What the exercise asks
Retype exactly the lines from the one containing "You will need" through the last line of the records below, including both, and leave out any pictures.

Input data
——
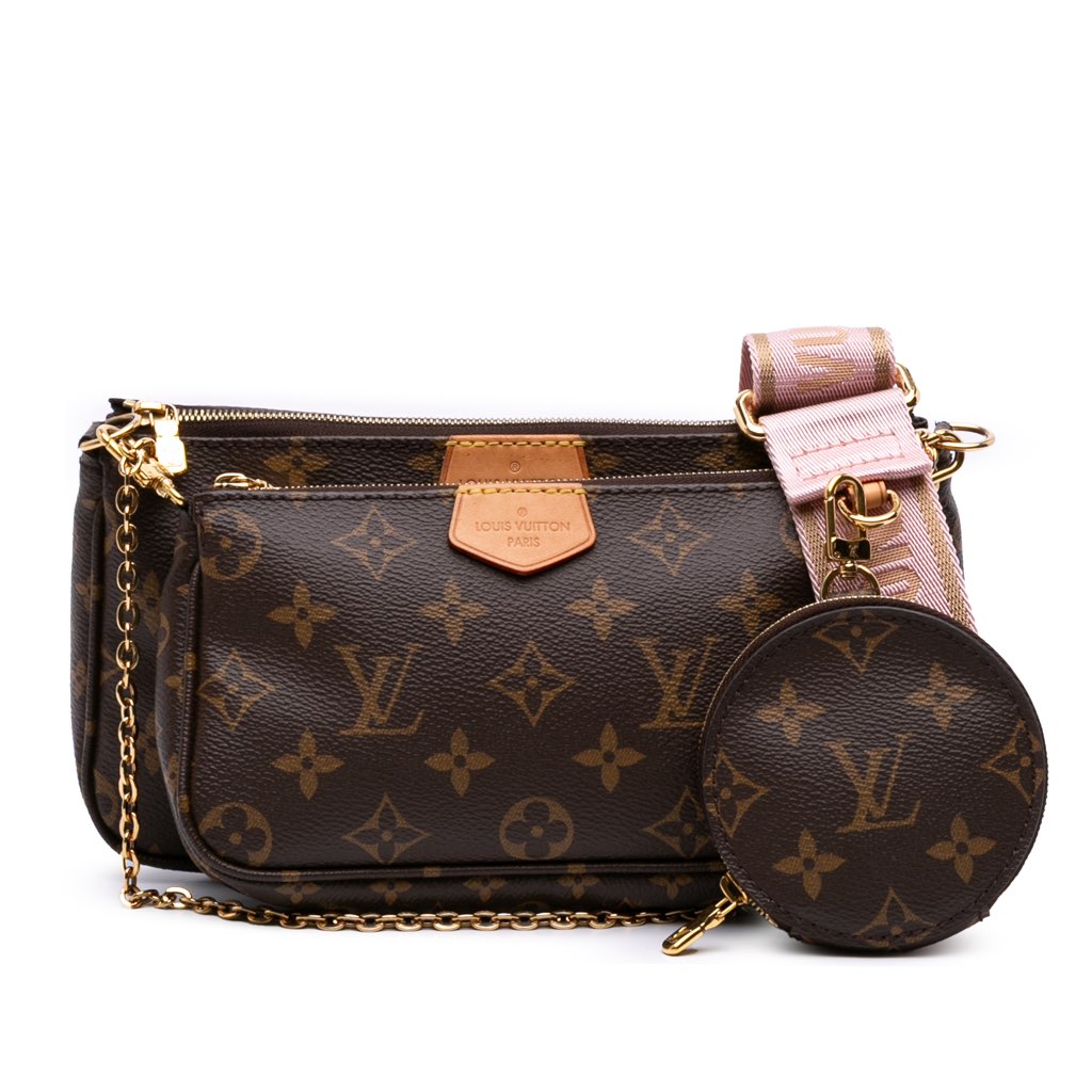 The Multi-Pochette Accessoires features a monogram canvas body, a detachable chain link strap, a detachable flat canvas shoulder strap, a top zip closure, an interior slip pocket, and removable mini pochette and coin pouch inclusions.
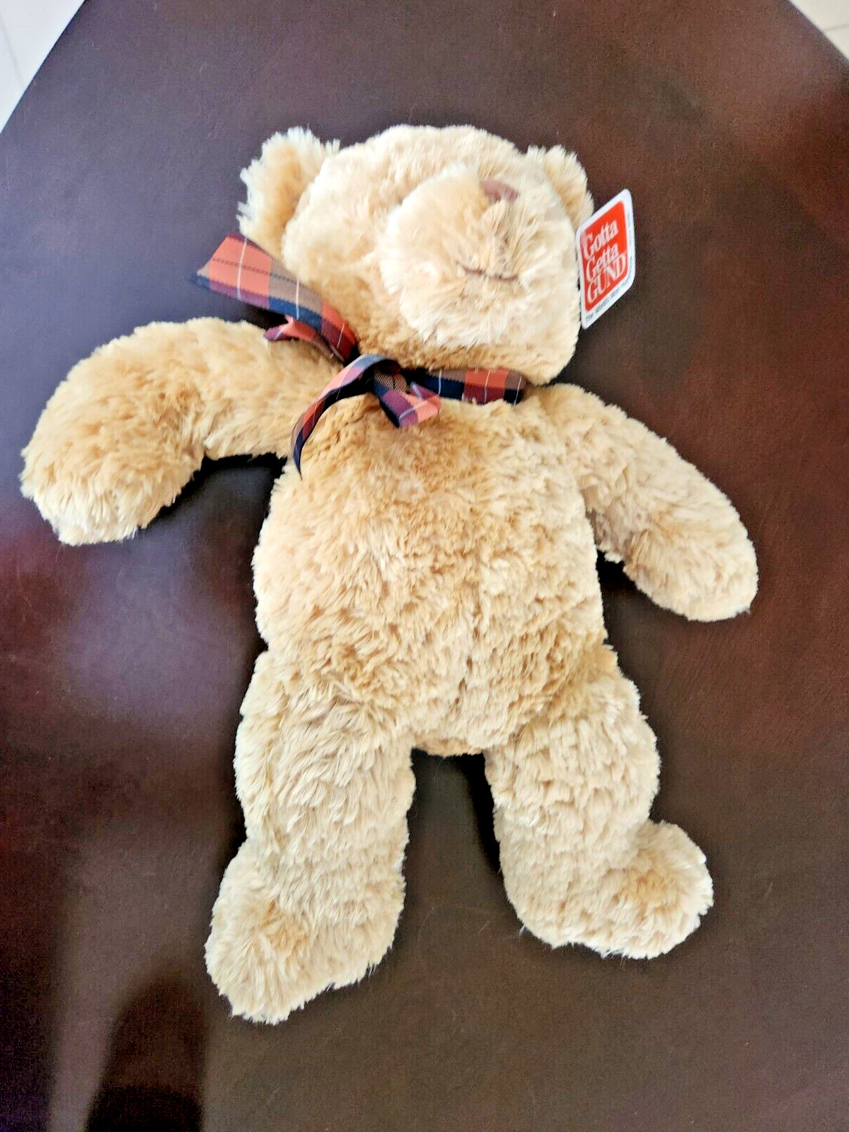 Vintage Gund Teddy Bear Blonde w/ Blue Orange Plaid Ribbon Bow Tie feet 18
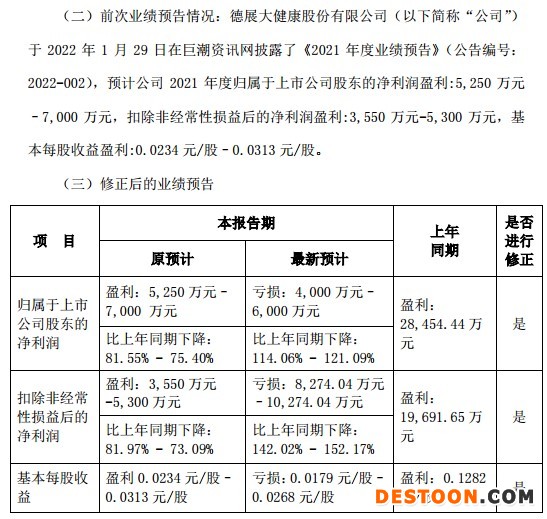 德展健康(000813)周五晚间发布的2021年度业绩预告修正公告显示,修正后的业绩为预计亏损4000万元-6000万元,此前预计盈利5250万元-7000万元。
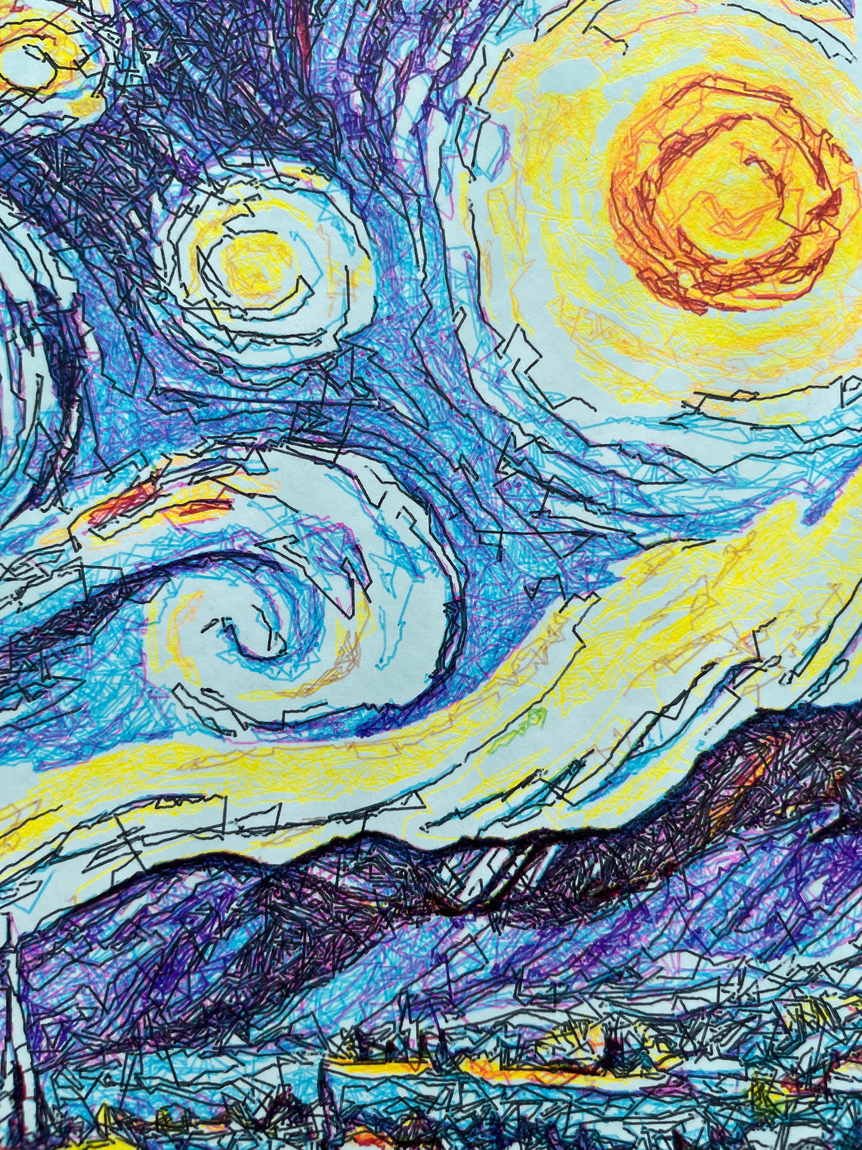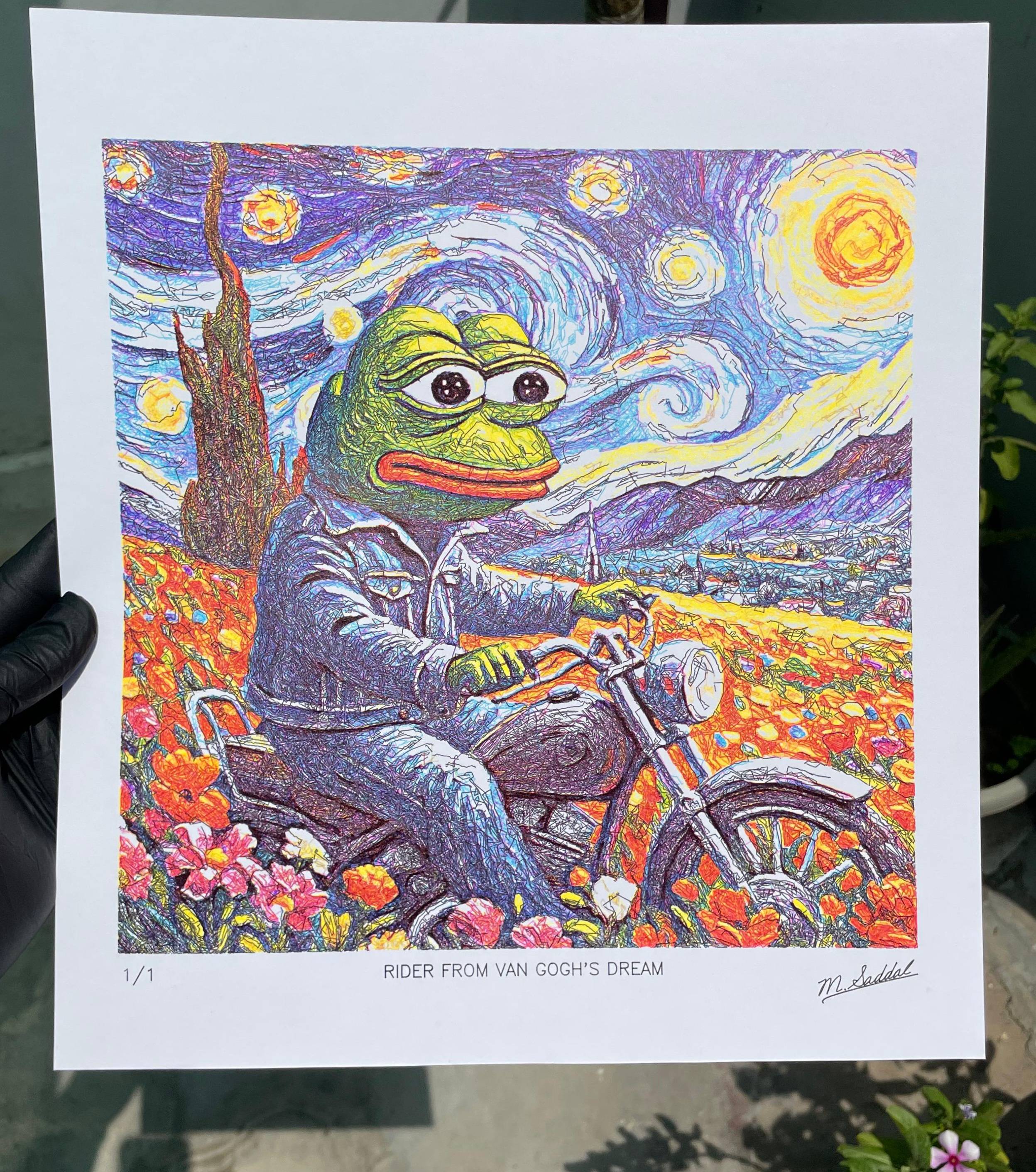 Rider From Van Gogh's Dream is an artwork created using generative process (AI+Code+Pen Plotter). Artwork is created using AI, post processed with procreate, JavaScript code is used to split image into lines of 0.35mm and plotted on ultra smooth Bristol sheet using pen plotter.
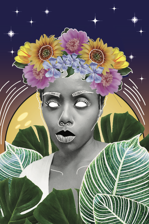 The flowers are my favorites from both the United States and Dominican Republic, which symbolizes both sides of my identity. I also added in monstera plant leaf because they are so beautiful to me. I began duplicating the images to help make the flower crown and foliage to give them a more full, lush feel. Mainly, I wanted it to look like I was standing in an trippy, ethereal forest :)
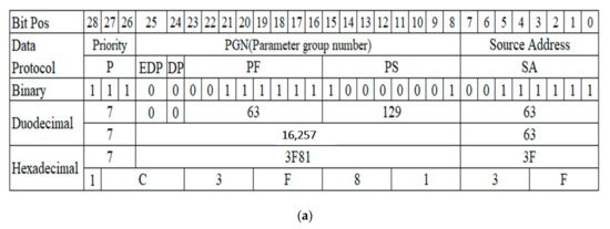 Because of its high reliability and low cost, the Controller-Area-Network (CAN) was used for communication in the chassis systems of the agricultural machines. The ISO 11783 protocol, which includes the CAN 2.0 specifications, and the SAE J1939 protocol have been widely used to transmit data among the ECUs of such chassis systems [34]. To simplify the data processing, we used ISO 11783 based on the CAN bus application layer protocol to transmit data between AAMs and the AAMMP. In the J1939 protocol, the 29-bit identifier of the CAN is physically defined, and the corresponding data definition is formulated. This is implemented and encapsulated by the Protocol Data Unit (PDU). The PDU contains seven sections: priority, retention bit, data page, PDU format, PDU special field, source address, and data field. Thus, the PDU is mainly defined. An example of a data package is present in Figure 7.
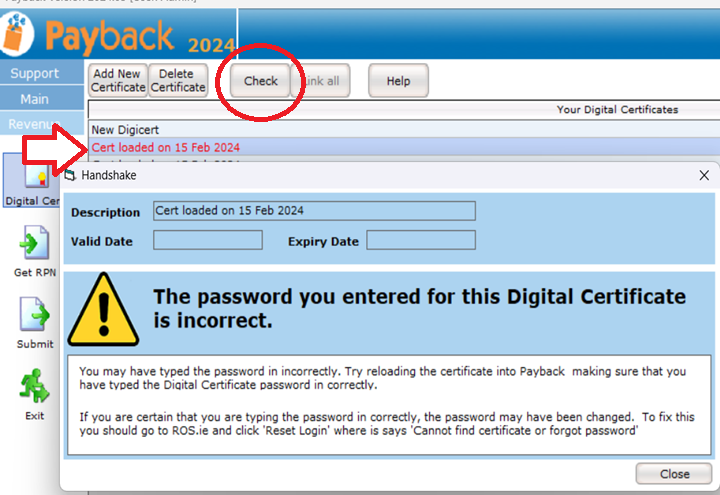 You will need to renew your digital certificate in ROS, download it, load it into Payback and allocate it in Payback to your company.
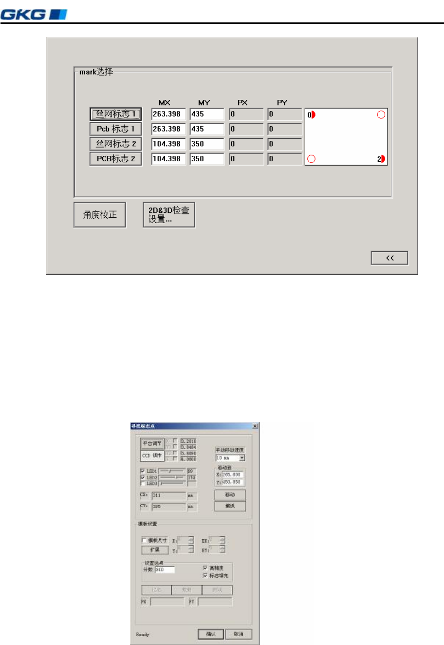 凯格 精 密机械有限公司 - 27 - 第 四 章 操 作 系统 说明 图 4-1 8 < 标志点 采 集 > 对 话 框 对 话 框 进入 方 式 : [ 数 据录入 ] + [ 密 码 输 入 ]+[ 参 数设置 1] +[ 参数设置 2] + [PCB 定位 ]+ [ P CB 标志 点 采 集 3 . 在 [ 标 志点 采 集 ] 对 话 框 中 , 通 过 调 用 图 像 处 理 功能及 标 志点 位 置 选择的 …
——
Solution
 You will need to renew your digital certificate in ROS, download it, load it into Payback and allocate it in Payback to your company.
 凯格 精 密机械有限公司 - 27 - 第 四 章 操 作 系统 说明 图 4-1 8 < 标志点 采 集 > 对 话 框 对 话 框 进入 方 式 : [ 数 据录入 ] + [ 密 码 输 入 ]+[ 参 数设置 1] +[ 参数设置 2] + [PCB 定位 ]+ [ P CB 标志 点 采 集 3 . 在 [ 标 志点 采 集 ] 对 话 框 中 , 通 过 调 用 图 像 处 理 功能及 标 志点 位 置 选择的 …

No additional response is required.